Action Guide

Understand Voluntary Disclosure Frameworks

Environmental Defense Fund

Sustainability reporting has become standard for most major global companies with over 90% of Fortune 500 companies publishing sustainability data. Voluntary reporting and disclosure play a critical role in your company’s sustainability strategy and is crucial to meet the growing expectations of investors, regulators, and other stakeholders. The challenge for companies is to navigate the diverse range of frameworks, standards, questionnaires, or ratings to calculate and report sustainability data.
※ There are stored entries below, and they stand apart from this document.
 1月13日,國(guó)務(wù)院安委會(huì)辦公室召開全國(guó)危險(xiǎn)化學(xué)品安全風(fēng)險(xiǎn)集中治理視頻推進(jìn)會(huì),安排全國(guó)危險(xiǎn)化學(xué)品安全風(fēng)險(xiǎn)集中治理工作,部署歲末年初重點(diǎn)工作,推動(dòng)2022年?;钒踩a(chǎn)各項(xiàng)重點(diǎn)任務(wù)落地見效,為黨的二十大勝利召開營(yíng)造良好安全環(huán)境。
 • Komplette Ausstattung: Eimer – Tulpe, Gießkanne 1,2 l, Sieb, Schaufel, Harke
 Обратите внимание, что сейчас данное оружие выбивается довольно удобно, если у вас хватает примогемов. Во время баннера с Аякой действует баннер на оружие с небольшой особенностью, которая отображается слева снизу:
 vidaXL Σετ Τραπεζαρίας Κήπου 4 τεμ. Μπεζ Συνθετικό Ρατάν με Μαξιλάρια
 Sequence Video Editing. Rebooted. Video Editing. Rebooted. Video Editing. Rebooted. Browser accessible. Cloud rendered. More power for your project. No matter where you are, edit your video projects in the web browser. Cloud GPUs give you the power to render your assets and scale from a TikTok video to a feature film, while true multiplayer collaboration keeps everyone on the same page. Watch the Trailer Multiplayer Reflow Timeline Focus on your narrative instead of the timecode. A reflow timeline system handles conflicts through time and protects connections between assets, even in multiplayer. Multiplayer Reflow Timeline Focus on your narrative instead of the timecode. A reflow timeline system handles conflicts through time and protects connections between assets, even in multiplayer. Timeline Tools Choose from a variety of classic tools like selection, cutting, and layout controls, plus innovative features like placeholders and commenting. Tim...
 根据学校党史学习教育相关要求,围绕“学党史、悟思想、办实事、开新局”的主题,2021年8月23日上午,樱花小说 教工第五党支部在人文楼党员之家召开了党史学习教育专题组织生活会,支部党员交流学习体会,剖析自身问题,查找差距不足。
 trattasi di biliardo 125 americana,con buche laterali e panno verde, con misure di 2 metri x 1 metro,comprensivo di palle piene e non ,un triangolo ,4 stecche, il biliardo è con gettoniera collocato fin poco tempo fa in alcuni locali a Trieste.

Climate change poses significant risks to companies, investors, markets, and all those that depend upon a stable financial system. To incorporate climate-related financial risks into decision-making, investors must be able to identify and measure such risks, which means they need important climate information from companies. Existing voluntary climate disclosure frameworks help to obtain comparable, specific, and decision-useful climate risk information from U.S. companies. Although climate risk disclosure is designed to meet the needs of investors, reporting also has important benefits for businesses such as better benchmarking and greater ability to communicate your company’s net zero progress. 

Understand Voluntary Climate Disclosure Frameworks 

Currently, there are a variety of voluntary climate reporting standards and systems for companies, including the Task Force on Climate-related Financial Disclosures (TCFD), CDP, Global Reporting Initiative (GRI), and the International Sustainability Standards Board (ISSB). Each address different environmental and ESG issues and have applications for different sectors. 
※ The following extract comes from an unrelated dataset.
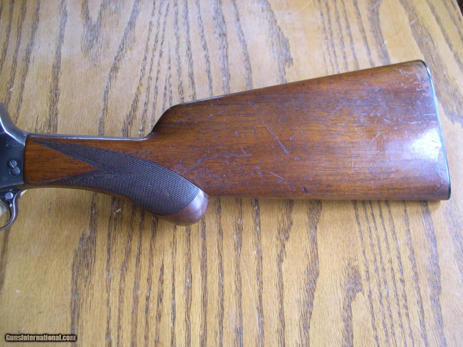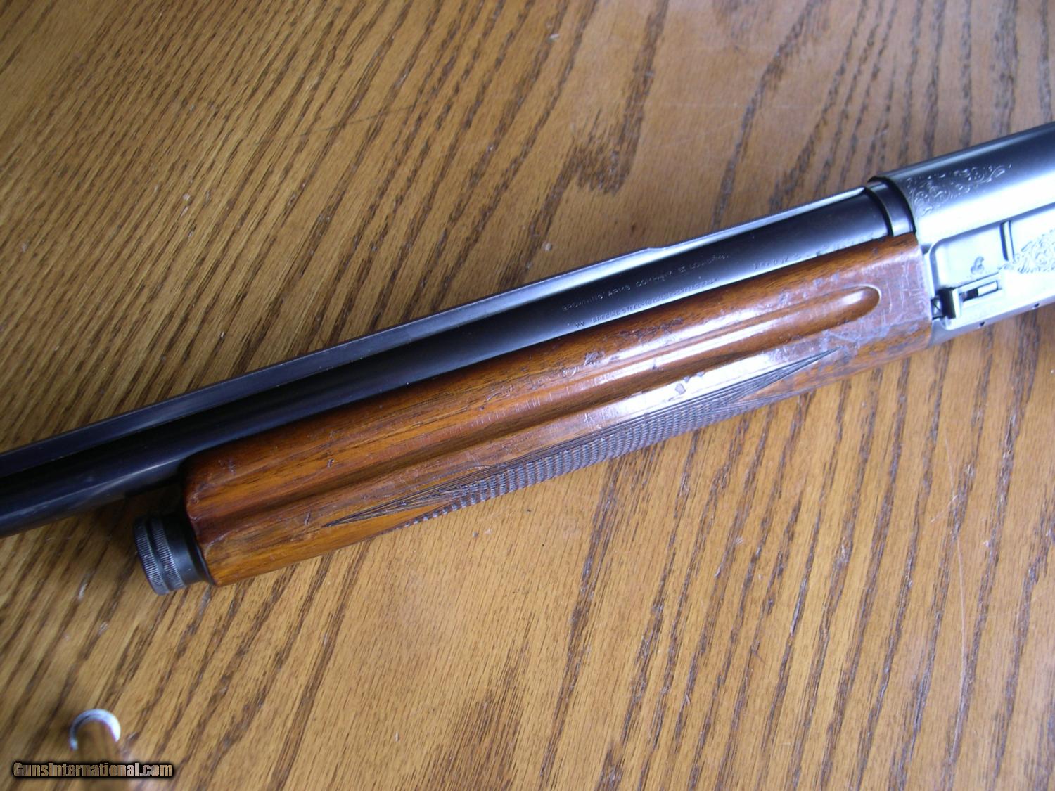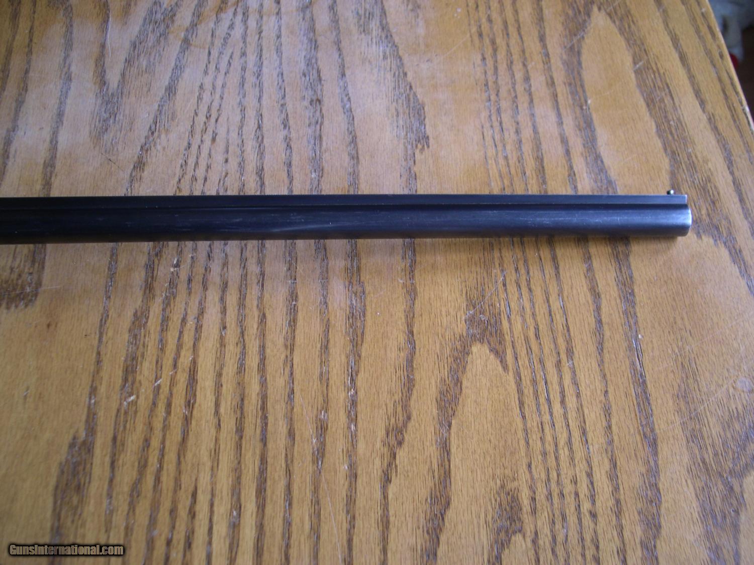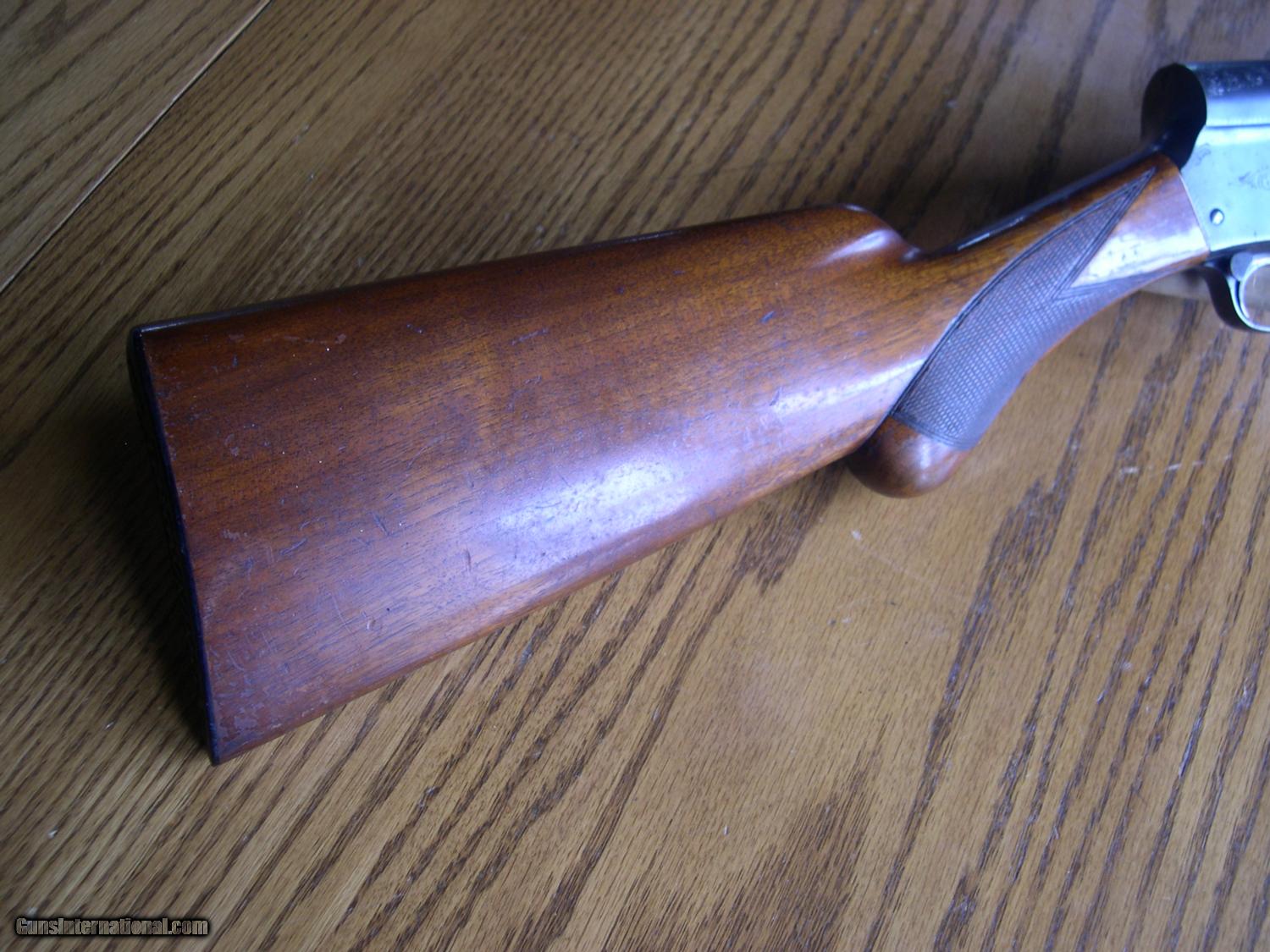 Description: Made in 1955 16 ga 2 3/4" chambers, Blue is thinning on corners and bottom of trigger guard, I estimate over 90% remainingwood has some handling marks on left side of stock, no deep ones, and no dents or cracks, made in 1955, gold on trigger is 50%, 14 1/4" LOP, to FN butt.Bore is fine,27 1/2" barrel has no dents , rib is fine all the way to end, matted on top. Choke is Mod. A very tight old 16Ga, that you can use every year, for a long time!! SOLD |
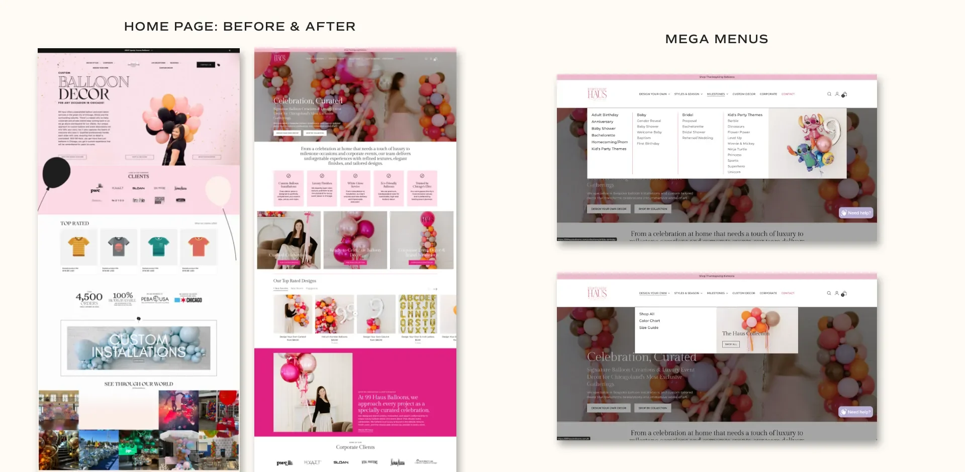 Before coming to WildHive, the brand’s online presence no longer matched their vision or their service quality. The site did not reflect the level of professionalism their clients experienced in person. Navigation felt unclear and the user journey was not aligned with how customers naturally shop for balloon decor.

  1. Task Force on Climate-related Financial Disclosures (TCFD): The TCFD was created to improve climate risk reporting and develop recommendations for investors, lenders, and insurers on risks related to climate change. It is a cross-sectoral framework covering governance, strategy, risk management as well as metrics and targets.  
  2. CDP: Nonprofit CDP runs a global disclosure system for companies and other non-state actors to measure environmental impact. CDP has a sector-specific climate questionnaire that covers the TCFD framework as well as carbon pricing, emission methodology, and verification.  
  3. Global Reporting Initiative (GRI): GRI is a cross-sectoral impact reporting framework covering a wide array of ESG topics, from emissions to workplace diversity to occupation health, and sets specific standards for oil, gas, and coal.  
  4. International Sustainability Standards Board (ISSB): ISSB focuses on disclosures to meet the needs of investors. With the consolidation of the Value Reporting Foundation into IFRS, ISSB has committed to build on and evolve the Sustainable Accounting Standards Board (SASB) standards and will be releasing updated industry-specific disclosure standards. Until then IFRS has advised companies to continue disclosing using the relevant SASB standards.  
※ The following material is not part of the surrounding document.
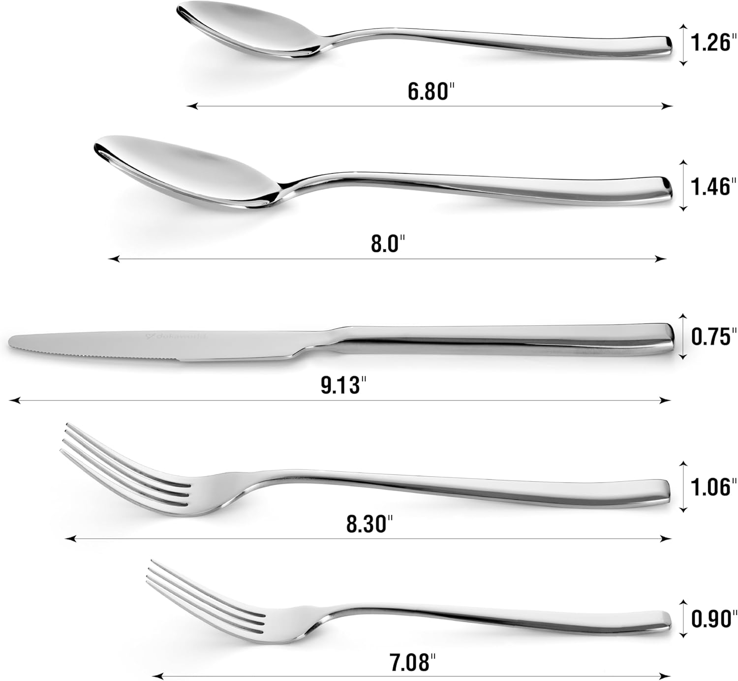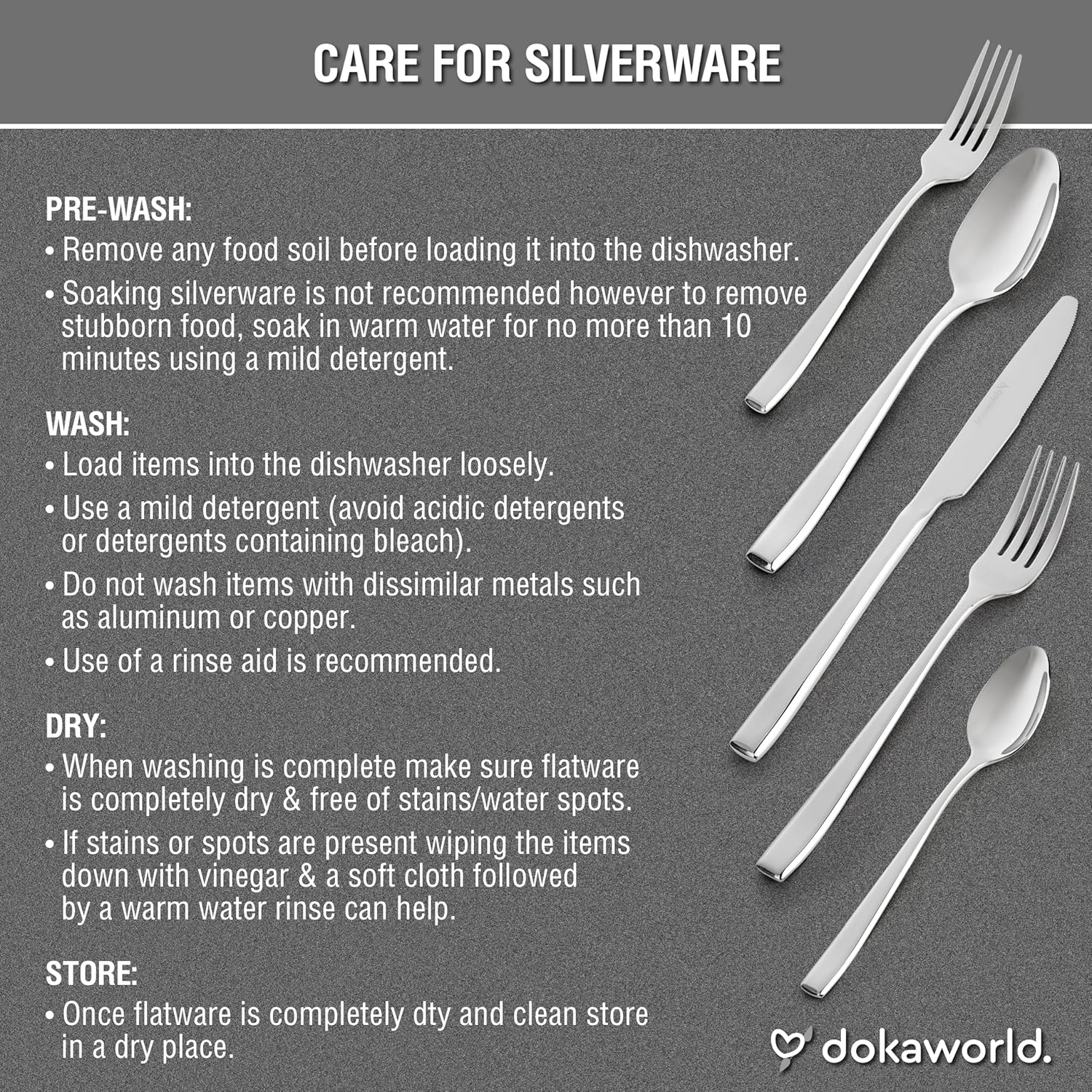 - EASY MAINTENANCE: this cutlery set is 100% dishwasher safe. Even after numerous uses and washings, it won’t lose its mirror-like polish

Though these reporting frameworks allow companies to measure risks and opportunities, their non-standardized and voluntary nature limits utility for investors and the financial system more broadly in evaluating individual companies or comparing performance across an industry. That is why a new rule has been proposed by the SEC to enhance climate risk information and provide more accurate and standardized information to investors.